SSO Configuration Settings for SAML 2.0

On the SSO Configuration tab, the Service Provider can be allowed to initiate the authentication for SAML. 

  • Under the Identity Provider section, provide the following:

    • Entity ID: Entity ID or the Issuer

    • Identity provider certificate: The public key certificate. The certificate must start with “-----BEGIN CERTIFICATE-----” and end with “-----END CERTIFICATE-----”

    • User Identity location: This is to set the identity location in the certificate to the default SAML subject identifier. The value for this field is set as SAML Subject Identifier by default

    • Enable encrypted assertion: Click the Toggle button_toggle_disabled button to enable SAML encrypted assertion for console login.

    • Assertion decryption certificate: If Enable Encrypted Assertion is enabled, click the Add Add Buttonbutton and provide the following in the Assertion Decryption Certificate window:

      • Java keystore file: Provide the file path of your Java Keystore File. This file will be in .jks format and contains the decryption key the system needs to access files secured by SAML.

      • Alias name: The unique identifier for the decryption key.

      • Keystore password: The password required for accessing the Java Keystore File.

      • Key password: The password required for accessing the Alias' decryption key.

    • SAML Request Method:  The method used by a Service Provider (SP) to initiate authentication and authorization requests with an Identity Provider (IdP) in the SAML protocol. From the dropdown, select either of the following options:  GET or POST.

    • Name ID Policy Format: This setting specifies the format of the user identifier issued by the Identity Provider in a SAML assertion to ensure consistent identification across systems. Select one of the available options: Unspecified, Email Address, or Persistent. You should update this field only according to the customer's IdP requirements to include NameIDPolicy format in the SAML request.

    • Datetime attribute format:  Click the Add button to select the custom attribute for which the date-time format must be specified. This setting captures the date-time format for all such custom attributes configured on the external IdP that are used in federated SSO claims during the authentication process.Use the following symbols to define a valid date-time format:

      • Date: d
      • Month: M
      • Year: y
      • Hours: H
      • Minutes: m
      • Seconds: s
      • Milliseconds: S

      For example, dd/MM/yyyy HH:mm:ss.SSS represents a date such as 31/03/2024 23:30:45.456.

  • If you wish to allow the application to initiate the authentication for SAML, provide the following under the Service Provider section:

    • Request signing certificate: Click the Add Add Buttonbutton and provide the following in the Request Signing Certificate window and click Done.

      • Java keystore file: Provide the file path of your Java Keystore File eg: C:\keystore\v15\SSO\keystore.jks. This file is in .jks format and contains the decryption key the system needs to access files secured by SAML. On distributed installations, this should be stored on the application server.

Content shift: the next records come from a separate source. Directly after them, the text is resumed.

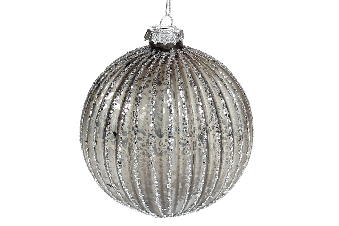 Ялинкова куля рельєфної форми з гліттером 10см, колір - графіт
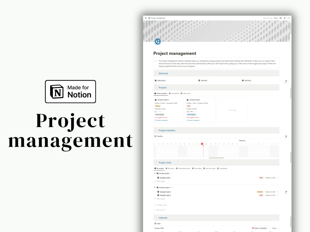 The Project Management Notion Template is designed to help you efficiently manage projects, track time spent, and calculate total amounts based on your hourly rate. This streamlined system allows you to organize your work while keeping an accurate record of the time logged for each project.
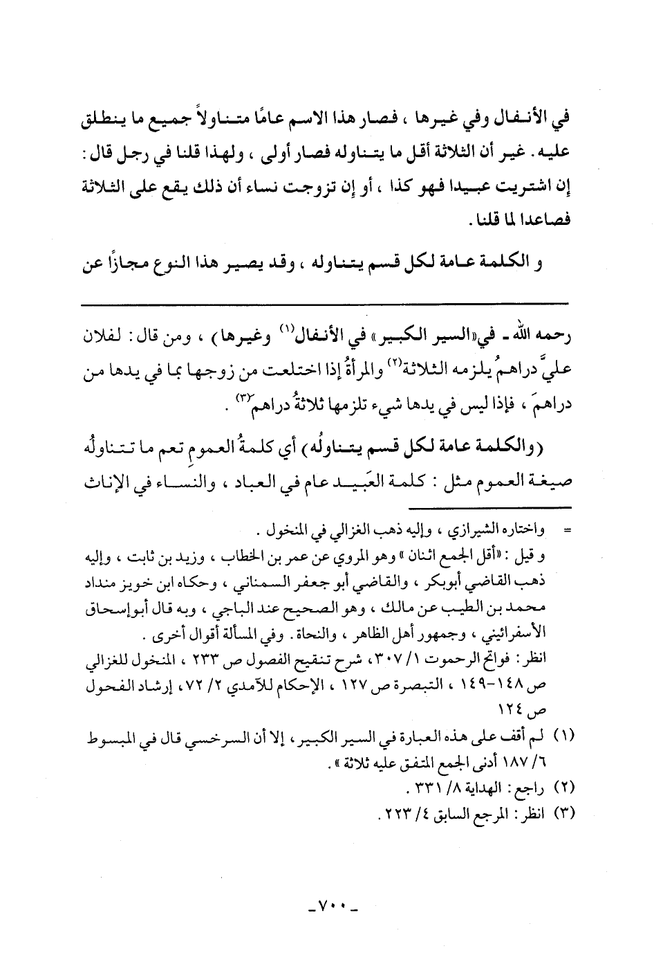 رحمه الله- في "السير الكبير" في الأنفال ويرها)، ومن قال: لفلان علي دراهم يلزمه الثلاثة والمرأة إذا اختلعت من زوجها بما في يدها من دراهم، فإذا ليس في يدها شيء تلزمها ثلاثة دراهم.

      • Alias name: The unique identifier for the decryption key.

      • Keystore password: The password required for accessing the Java Keystore File.

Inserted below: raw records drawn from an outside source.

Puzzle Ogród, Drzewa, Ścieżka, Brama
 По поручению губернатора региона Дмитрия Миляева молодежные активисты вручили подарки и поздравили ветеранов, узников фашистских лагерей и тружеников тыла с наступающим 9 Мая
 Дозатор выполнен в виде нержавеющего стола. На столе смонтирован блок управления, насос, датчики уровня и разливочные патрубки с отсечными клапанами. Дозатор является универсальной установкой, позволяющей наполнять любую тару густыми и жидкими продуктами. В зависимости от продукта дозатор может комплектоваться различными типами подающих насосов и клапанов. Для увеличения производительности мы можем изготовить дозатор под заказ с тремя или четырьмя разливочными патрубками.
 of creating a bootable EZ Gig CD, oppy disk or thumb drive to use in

      • Key password: The password required for accessing the Alias' decryption key.

    • Signing Algorithm: The value is set to SHA-256 by default.

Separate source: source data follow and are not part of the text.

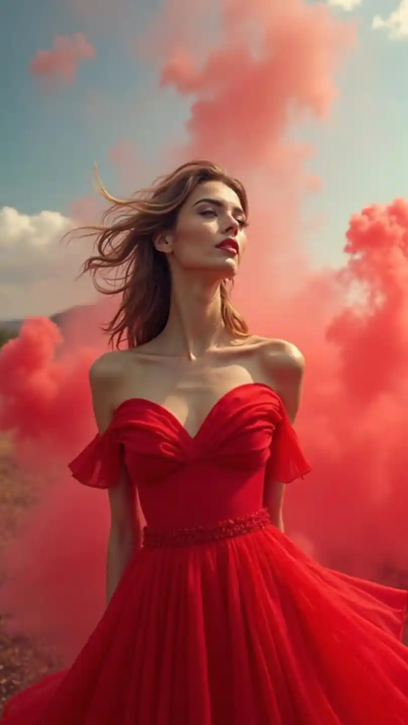 Người phụ nữ mặc váy đỏ trong làn khói đỏ
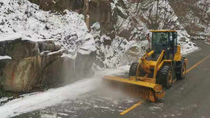 近日的一场降雪,给太白山景区带来了玉树琼枝的美丽景致。由于景区温度低,出现了积雪和结冰现象,使通往太白山景区的道路受阻。为了让游客能安全顺利进入景区,景区出动干部职工及除雪装备,对结冰路段进行清理。
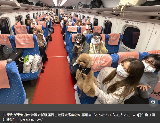9日,JR东海在往返于东京和新大阪之间的东海道新干线Nozomi号列车上试运行了可将宠物狗放出笼子的专用车厢。这样做的目的是缓解宠物焦虑,让主人可以和爱犬享受旅行的乐趣。
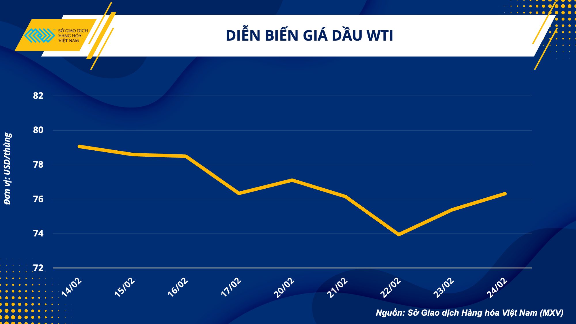 Dầu thô đã trải qua tuần giao dịch ngày 20/02 – 26/02 với các phiên tăng giảm trái chiều, khiến cho mặt hàng này đóng cửa tuần với mức thay đổi không quá mạnh so với tuần trước đó. Cụ thể, dầu WTI giảm 0,3% xuống còn 76,32 USD/thùng, trong khi dầu Brent tăng nhẹ 0,18% lên mức 82,82 USD/thùng. Sức ép vĩ mô và dữ liệu tồn kho Mỹ tăng mạnh đã liên tục gây sức ép tới giá, tuy nhiên một số lo ngại về nguồn cung cũng đã hạn chế lực bán, đặc biệt là trong hai phiên cuối tuần.
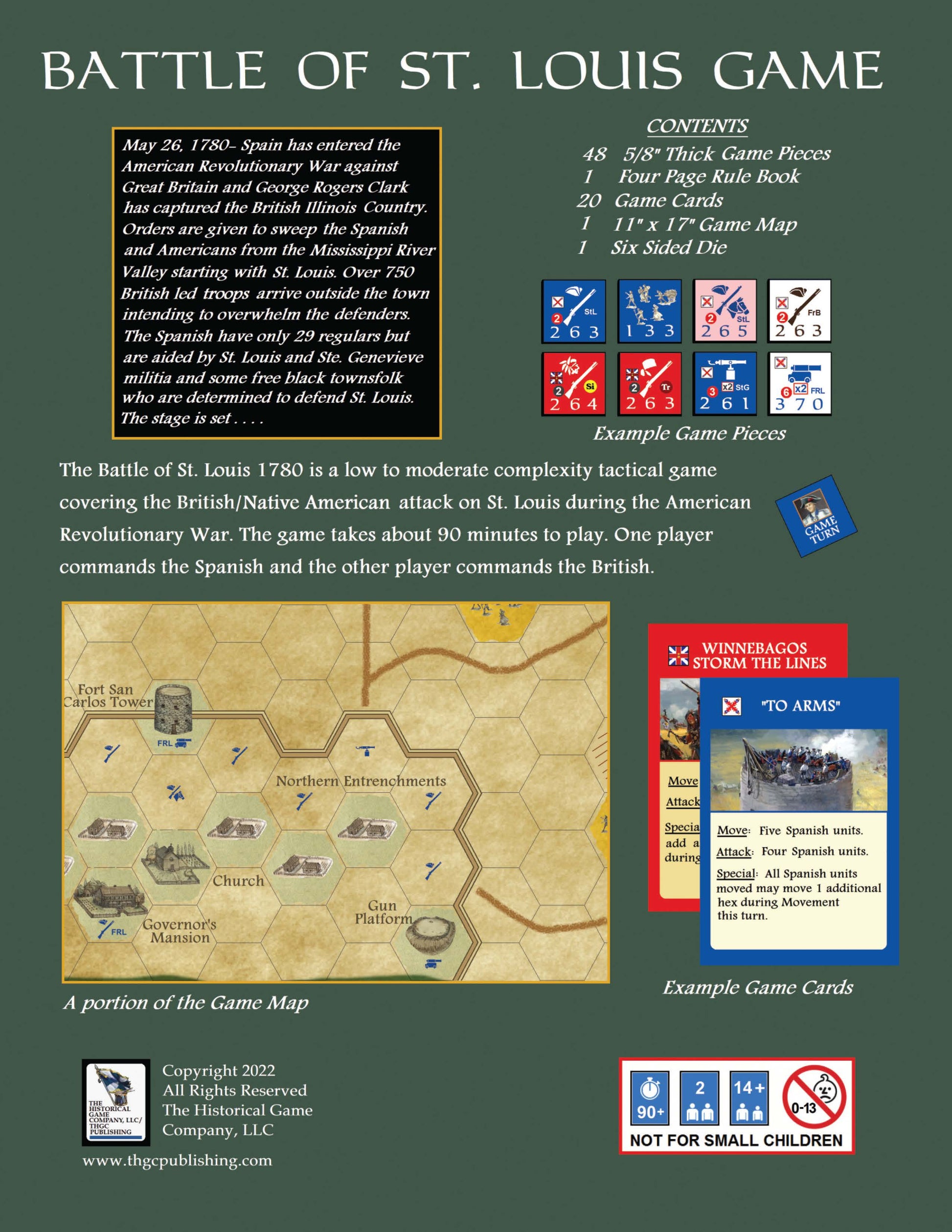 "The Battle of St. Louis: 1780" in a low to moderate complexity tactical game covering the British / Native American attack on St. Louis during the American Revolutionary War. The game takes about 90 minutes to play. One player commands the Spanish and the other player commands the British.

    • Identity Provider Login URL: The URL for SAML authentication.

    • Identity Provider Logout URL: The URL to which users will be redirected upon logging out.

    • Metadata URL: This URL is generated only after saving the configuration. Displays the Service Provider metadata URL, which contains the SAML configuration details required by the Identity Provider to establish the SSO integration. This URL can be shared with the Identity Provider to retrieve the metadata and configure the SAML connection.